Потом город кончился, и у спортшколы свернули они направо, к пустырю, пошли по задыхающейся, но еще видной тропке, а когда дошли до середины пустыря и уже виден стал черный лес, Петр Андреевич вдруг остановился и, запрокинув лицо в медную муть неба, долго стоял, чуть покачиваясь от легкого головокружения.

И мгновенно, пронзительно понял Петр Андреевич, что он любит эту женщину, и понимание это обожгло сердце радостью — да он ведь жив еще, и есть оправдание его дыханию на земле. Упасть бы в сугроб на лицо и замолчать, потому что нельзя говорить в такие минуты, потому что все сразу тускнеет и становится ложью.
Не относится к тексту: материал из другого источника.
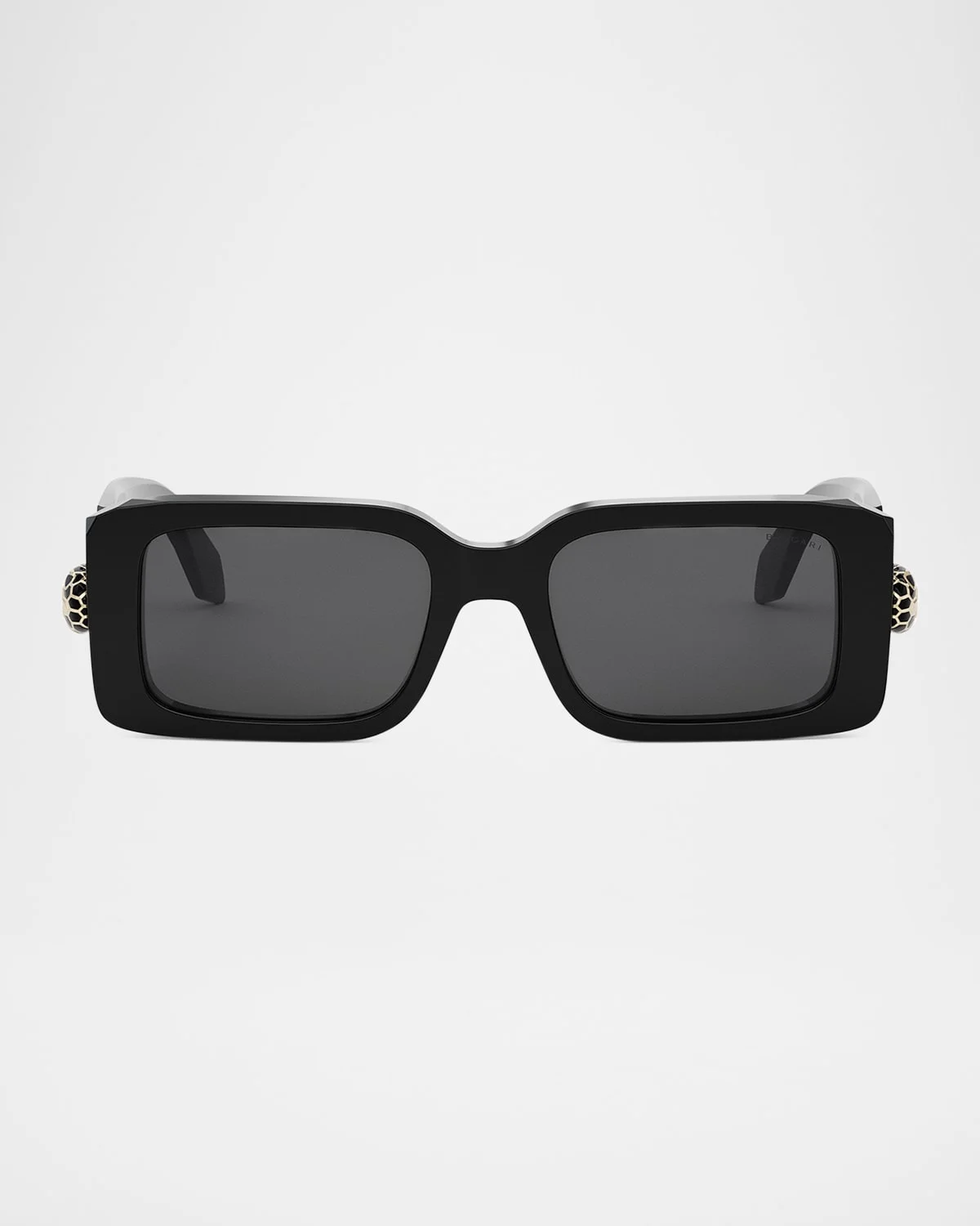 - BVLGARI sunglasses in acetate - Under-lacquer metal logo outside on both temples - Eye/bridge/temple (in mm): 37-19-140 - Eyewear style: Rectangle - Acetate - 100% UVA/UVB protection - Made in Italy - Proposition 65 warning for California residents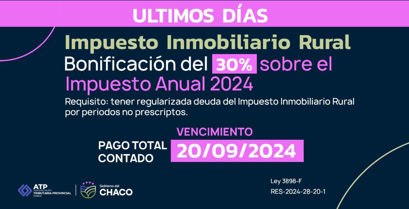 Mediante la Resolución General N° 2024-28-20-1 la ATP estableció el calendario del Impuesto Inmobiliario Rural correspondiente al año 2024, al cual se puede acceder ingresando a la web: atp.chaco.gob.ar :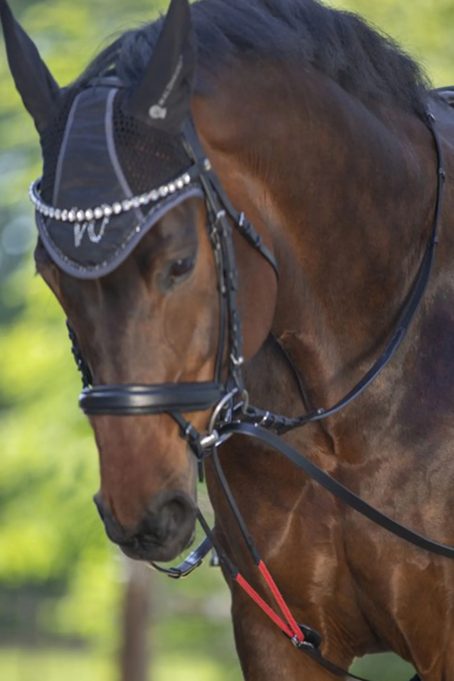 Innovative lengthadjustable and flexible leather draw reins for riding or lunging. The WtrainRein draw reins are attached to the girth or surcingle between the forelegs. A esecial rein runs through a guide roller and is taken from there through the reesective bit ring (from the inside to the outside) back to the girth or surcingle. The guide roller gives the reins and facilitates a gentle and mouthfriendly bending and suppling whilst riding or lunging.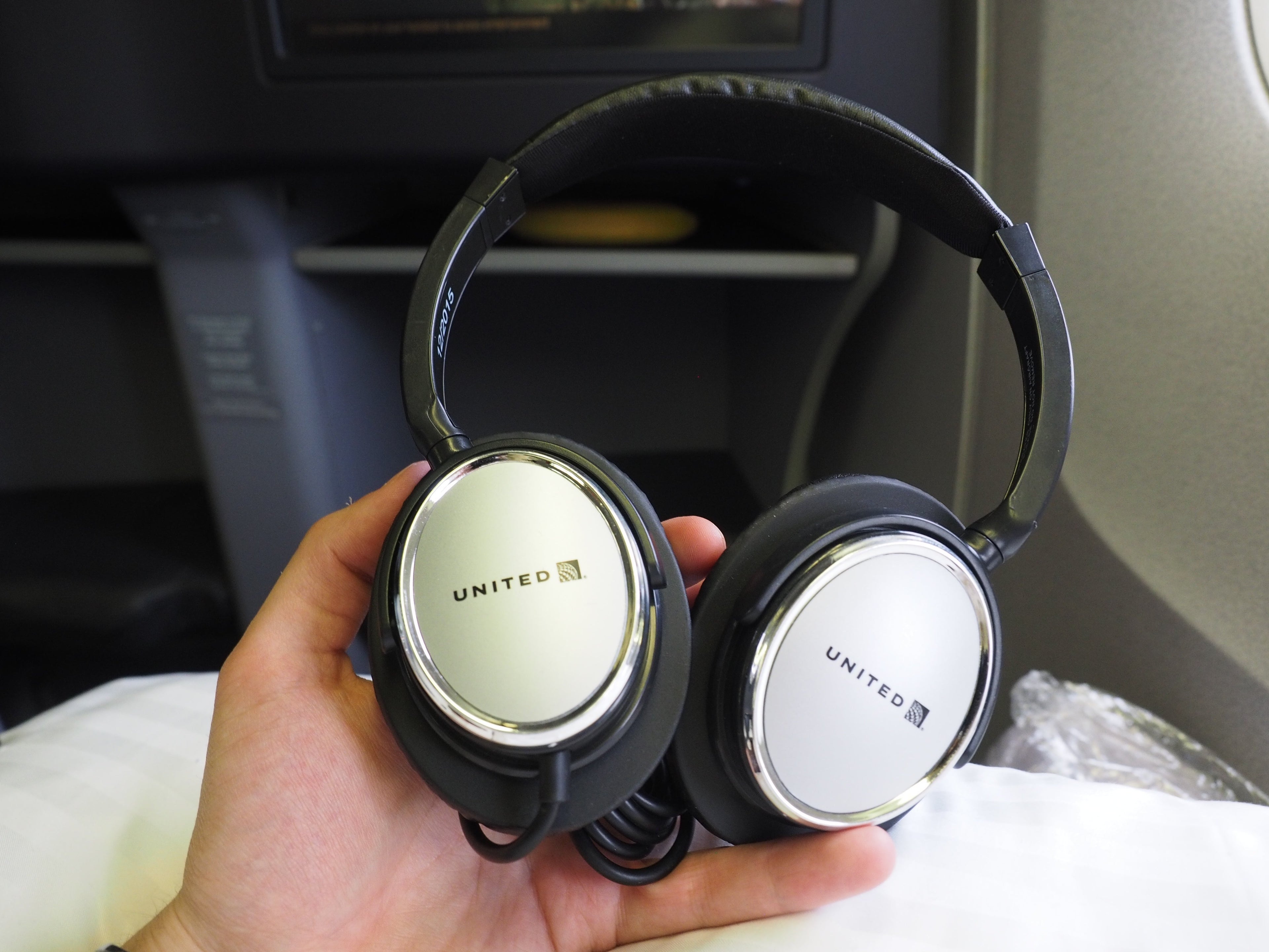 United provided a noise-canceling headset for all business passengers, and you could use this set from gate to gate (unlike, say, American, which offers higher-quality Bose headphones but collects them before arrival). United's double-pronged headphones far exceeded many shoddy economy-class headsets but weren't spectacular by any stretch of the imagination.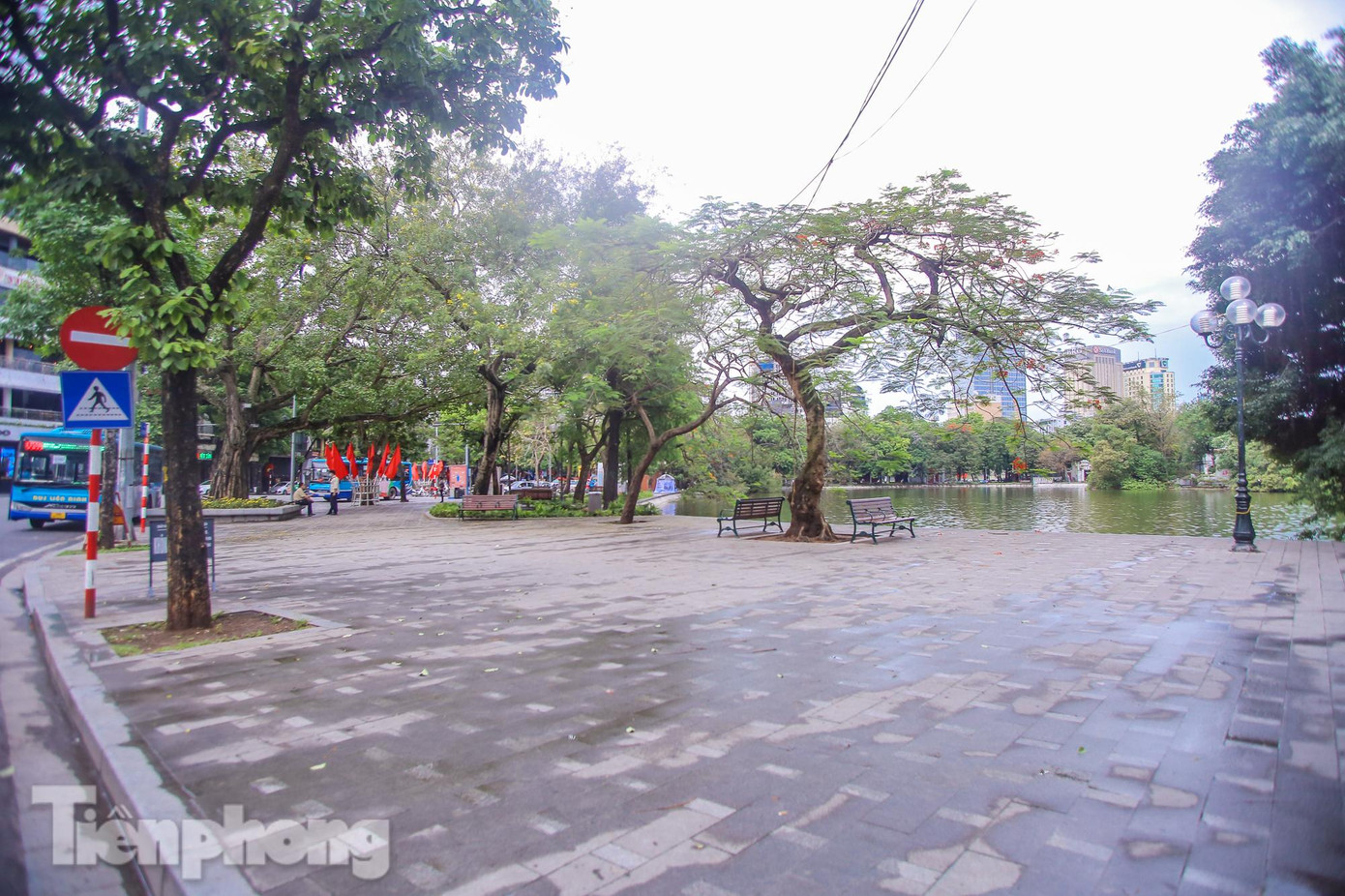 | Do tình hình COVID-19 đang diễn biến phức tạp trong cộng động nên nhiều người dân cẩn trọng. Khu vực Hồ Gươm vắng vẻ, ít người qua lại. |

Он притянул Валю к себе, и, когда мокрым лицом она ткнулась в его воротник, Петр Андреевич вытянулся и замер, и:

— А-ах! — заскрипел зубами. — А-ах!

Медленно дошли они до леса, и в лесу метель уже поутихла, но не утихало сердце — всякую минуту оно готово было разорваться.

Долго стояли, молчали, не отрываясь друг от друга. Метель уже утихла, и, как глубокие вздохи, иногда лишь пробивались внезапные закруты. Вдали над лесом устало проявлялась смутная луна.

Медленно побрели домой. У того же самого дома стоял все тот же гармонист в распахнутом пальто и пел все ту же песню.

Земля, да не будь же ты мачехой, хоть иногда давай сердцу покой, хоть на минуту, хоть на вздох не будь мачехой — матерью будь.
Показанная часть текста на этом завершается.